このように注目の浮世絵展が開かれるという情報が入ると必ず足を運び、
せっせと図録を積み重ねてきても、お目当ての本物との出会いがなかなか実現しない。だから、作品の数が多い浮世絵とのつきあいは長期戦と心得、辛抱強く対面の時を待つほかない。東芸大美に出品されるかなと期待していたのが菱川師宣(1618?~1694)の‘吉原風俗図。だが、今回もダメだった。
鈴木春信(1725~1770)は回顧展に運よく3回遭遇したので、2冊あるMy春信図録には相当数の作品が収まっている。
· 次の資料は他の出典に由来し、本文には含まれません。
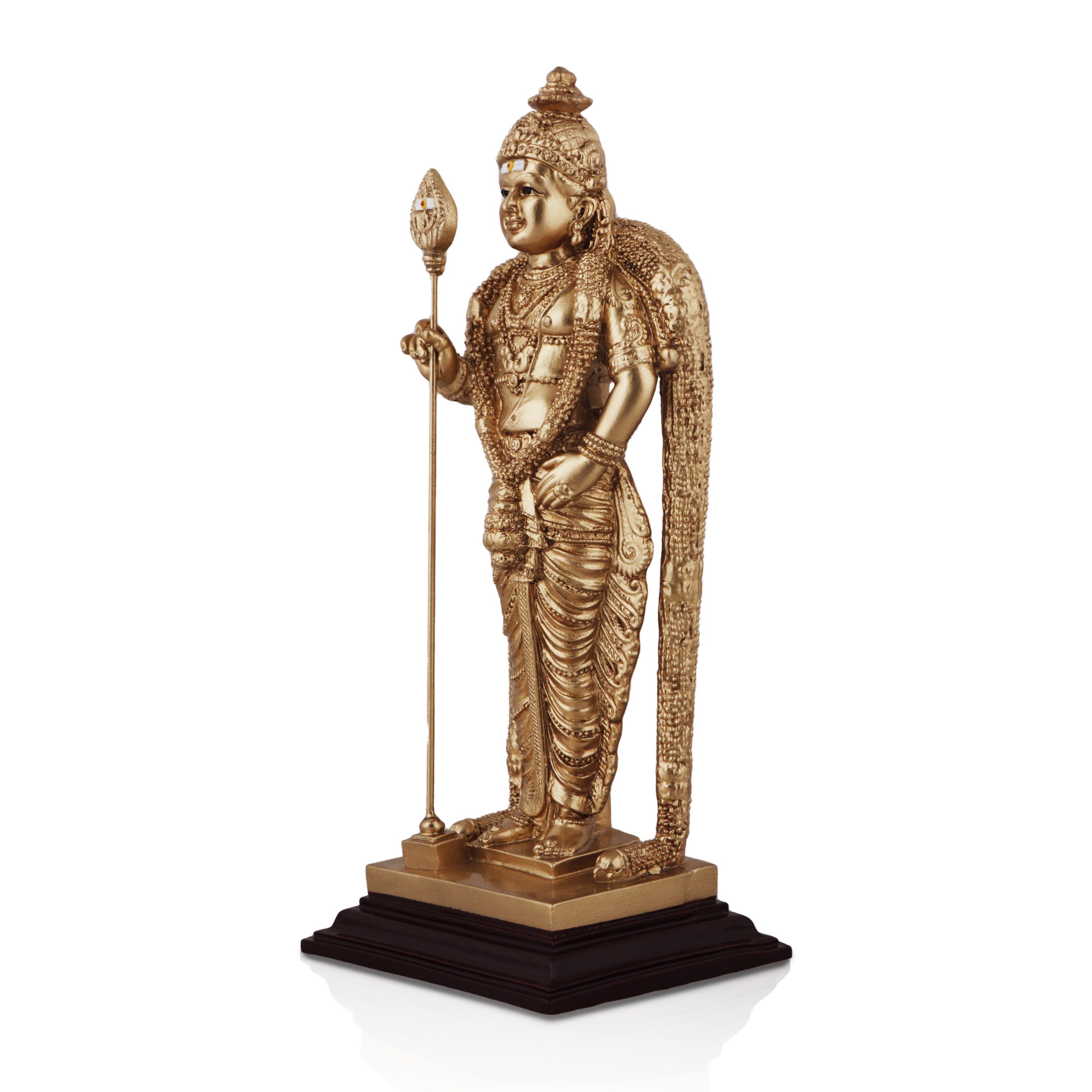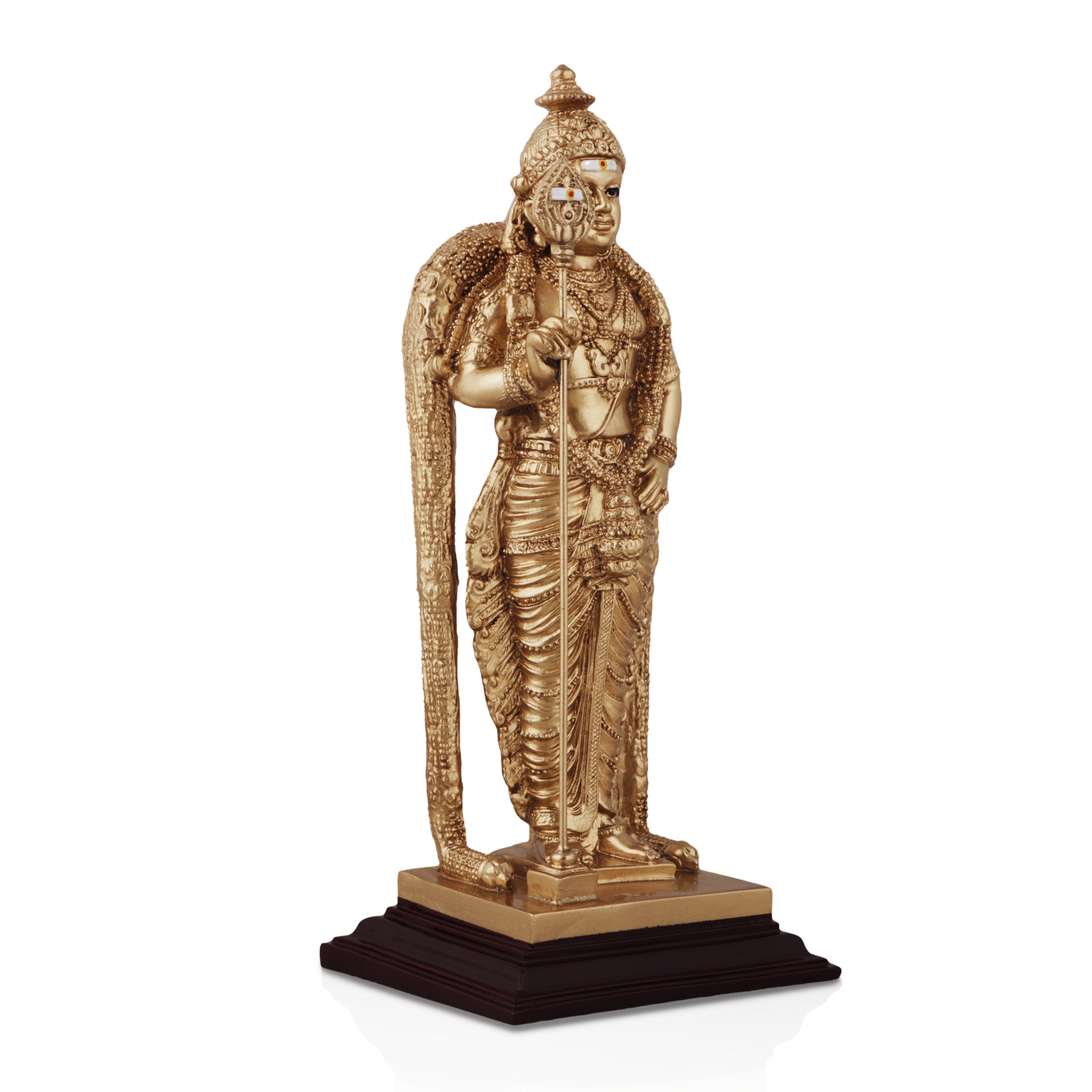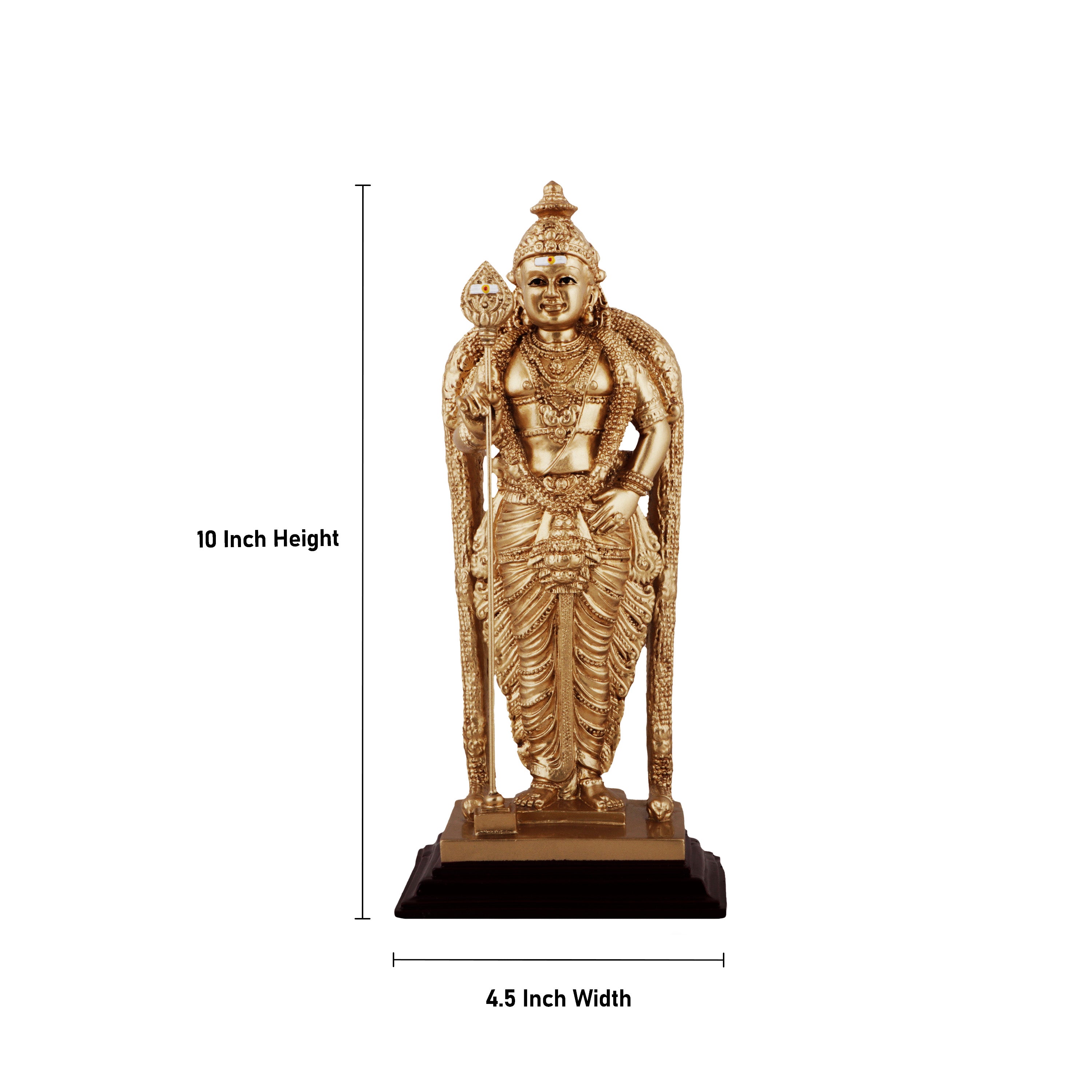 Murugan Statue - 10 x 4.5 Inches | Standing Murugan Idol/ Resin & Gold Polish Murugan Silai for Pooja

ここにはまだお目にかかってないものも含まれており、いつかこれをという思いを募らせている。そのみたくてしょうがない作品の筆頭がギメ美にある‘見立寒山拾得(墨流し)’。料紙装飾の白眉‘本願寺本三十六人家集’を連想させるこんなすばらしい絵が春信にあったとは!同じ寒山拾得の見立絵を千葉市美が所蔵しているが、これもまだ縁がない。
‘風流艶色真似ゑもん’はついニヤニヤしてしまう枕絵シリーズ(全24図)だが、まだ3点しかみてなく、先は長い。全体像がみえてないが、頭巾姿の客と幼い遊女がでてくるこのヴァージョンに刺激をうけている。そして、東博の浮世絵平常展によく通っていた頃、いつかいつかと待ちわびていた‘三都太夫揃’もまだ姿をみせてくれない。コレクションの数はあまりに多いため、この絵まで注意がいかないのだろうか。